◆ **Required action**:
Give back the records below exactly, every one, with no pictures.

◆ **Materials provided**:
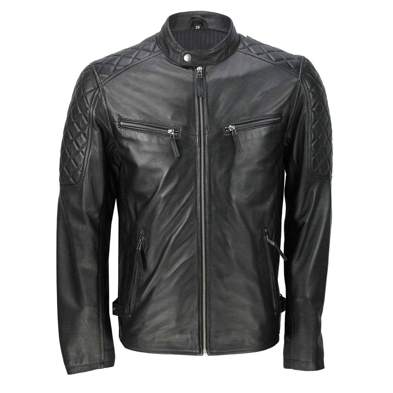 Mens Black Real Soft Sheep Leather Classic Smart Casual Biker Zip Bomber Jacket
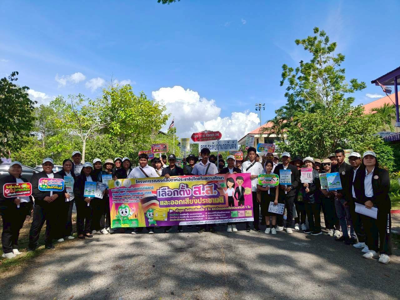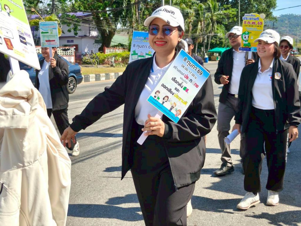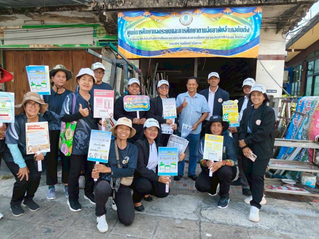 วันศุกร์ที่ 6 กุมภาพันธ์ 2569 นางสาวทิวาวรรณ พิทักษ์จินดา ผู้อำนวยการศูนย์ส่งเสริมการเรียนรู้ระดับอำเภอกันตัง พร้อมด้วยบุคลากร นักศึกษา สกร.ระดับอำเภอกันตัง จัดโครงการรณรงค์สัปดาห์ประชาธิปไตยในสถานศึกษา ลงพื้นที่ร่วมรณรงค์เลือกตั้ง สมาชิกผู้แทนราษฎร เชิญชวนผู้ปกครองและประชาชนในพื้นที่ ให้ออกไปใช้สิทธิ์ใช้เสียงในการเลือกตั้ง ที่จะเกิดขึ้นในวันที่ 8 กุมภาพันธ์ 2569 พร้อมถือป้ายประชาสัมพันธ์ให้ความรู้ เกี่ยวกับความสำคัญของการเลือกตั้ง ณ เขตเทศบาลเมืองกันตัง อำเภอกันตัง จังหวัดตรัง
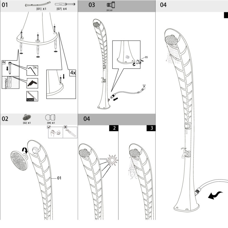 Il tappo di scarico per il drenaggio invernale è un dettaglio importante, che rende questa doccia solare facile da mantenere e da preparare per l`inverno, evitando danni causati dal gelo. La robusta base di 340 x 300 mm assicura stabilità e sicurezza, mentre la pressione massima di esercizio di 3 bar garantisce un`esperienza di doccia sempre piacevole e rilassante.
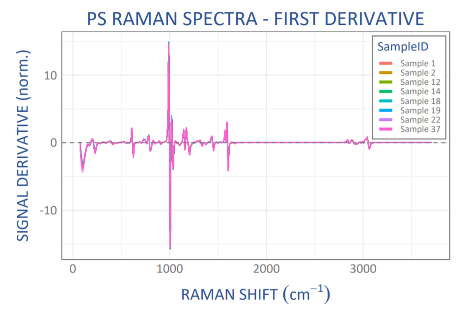 As the first step in analysis, we calculated the first derivative of each spectrum. Looking at the first derivative of a spectrum draws out its key features and accentuates small differences between nearly identical spectra. It can be used to find exact peak locations, which appear as zero-crossings in the first derivative. Peak widths in the original spectrum translate into peak height in the first derivative, with narrower peaks showing larger amplitudes in the first derivative. Use of the first derivative in analysis also helps correct for background signal and facilitates multicomponent analysis. Differentiation and smoothing are often combined into a single algorithm such as a Savitzky-Golay filter for best results.
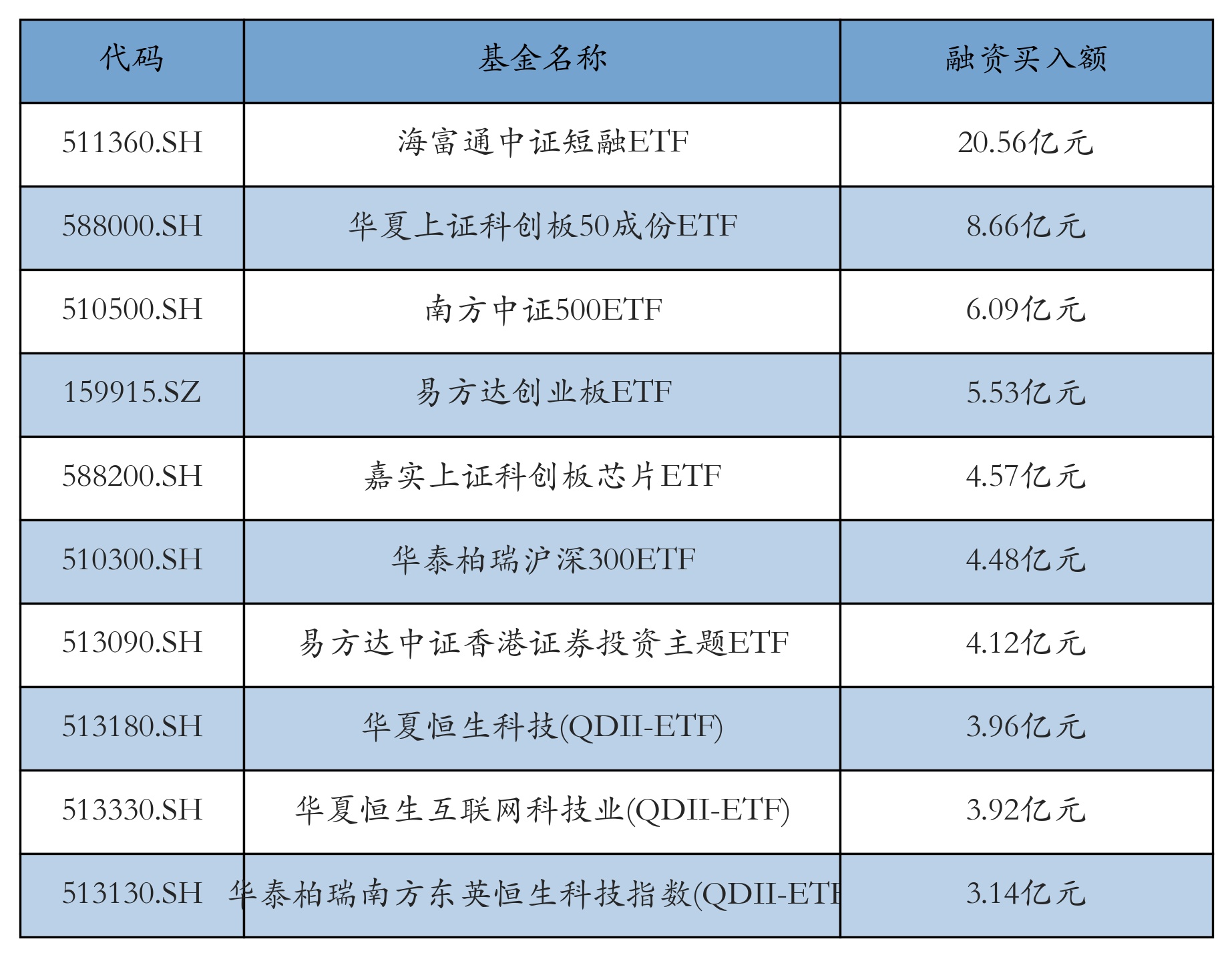 12月23日ETF融资买入额前三位分别为:海富通中证短融ETF(20.56亿元)、华夏上证科创板50成份ETF(8.66亿元)和南方中证500ETF(6.09亿元),前10具体见下表:
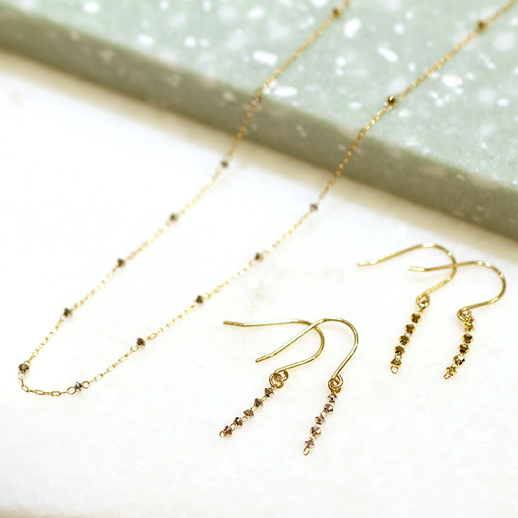 さて本日は、キラキラとした輝きが美しいシンプルなネックレスとピアスをご紹介します!
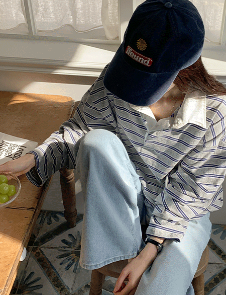 슈플레 스퀘어넥 竖纹 세미크롭 T恤衫 86403
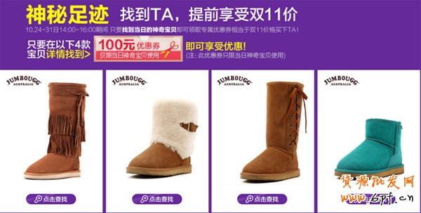 其實,這兩個活動都是商家比較容易想到的,且讓消費者實現的活動方式。比較特別的是“尋找新的寶貝”這個活動。消費者需要通過瀏覽4款不同商品的頁面,找到僅限雙十一當天使用的100元優惠券。當這四個寶貝詳情頁的瀏覽量上去了,網站的整體訪問深度也就有了。說不定在這其間用戶又收藏了幾件商品,除了幾件爆款外,能夠帶動消費的幾件腰部產品也得到的曝光。

◆ **Response area**:
 Mens Black Real Soft Sheep Leather Classic Smart Casual Biker Zip Bomber Jacket
 วันศุกร์ที่ 6 กุมภาพันธ์ 2569 นางสาวทิวาวรรณ พิทักษ์จินดา ผู้อำนวยการศูนย์ส่งเสริมการเรียนรู้ระดับอำเภอกันตัง พร้อมด้วยบุคลากร นักศึกษา สกร.ระดับอำเภอกันตัง จัดโครงการรณรงค์สัปดาห์ประชาธิปไตยในสถานศึกษา ลงพื้นที่ร่วมรณรงค์เลือกตั้ง สมาชิกผู้แทนราษฎร เชิญชวนผู้ปกครองและประชาชนในพื้นที่ ให้ออกไปใช้สิทธิ์ใช้เสียงในการเลือกตั้ง ที่จะเกิดขึ้นในวันที่ 8 กุมภาพันธ์ 2569 พร้อมถือป้ายประชาสัมพันธ์ให้ความรู้ เกี่ยวกับความสำคัญของการเลือกตั้ง ณ เขตเทศบาลเมืองกันตัง อำเภอกันตัง จังหวัดตรัง
 Il tappo di scarico per il drenaggio invernale è un dettaglio importante, che rende questa doccia solare facile da mantenere e da preparare per l`inverno, evitando danni causati dal gelo. La robusta base di 340 x 300 mm assicura stabilità e sicurezza, mentre la pressione massima di esercizio di 3 bar garantisce un`esperienza di doccia sempre piacevole e rilassante.
 As the first step in analysis, we calculated the first derivative of each spectrum. Looking at the first derivative of a spectrum draws out its key features and accentuates small differences between nearly identical spectra. It can be used to find exact peak locations, which appear as zero-crossings in the first derivative. Peak widths in the original spectrum translate into peak height in the first derivative, with narrower peaks showing larger amplitudes in the first derivative. Use of the first derivative in analysis also helps correct for background signal and facilitates multicomponent analysis. Differentiation and smoothing are often combined into a single algorithm such as a Savitzky-Golay filter for best results.
 12月23日ETF融资买入额前三位分别为:海富通中证短融ETF(20.56亿元)、华夏上证科创板50成份ETF(8.66亿元)和南方中证500ETF(6.09亿元),前10具体见下表:
 さて本日は、キラキラとした輝きが美しいシンプルなネックレスとピアスをご紹介します!
 슈플레 스퀘어넥 竖纹 세미크롭 T恤衫 86403
 其實,這兩個活動都是商家比較容易想到的,且讓消費者實現的活動方式。比較特別的是“尋找新的寶貝”這個活動。消費者需要通過瀏覽4款不同商品的頁面,找到僅限雙十一當天使用的100元優惠券。當這四個寶貝詳情頁的瀏覽量上去了,網站的整體訪問深度也就有了。說不定在這其間用戶又收藏了幾件商品,除了幾件爆款外,能夠帶動消費的幾件腰部產品也得到的曝光。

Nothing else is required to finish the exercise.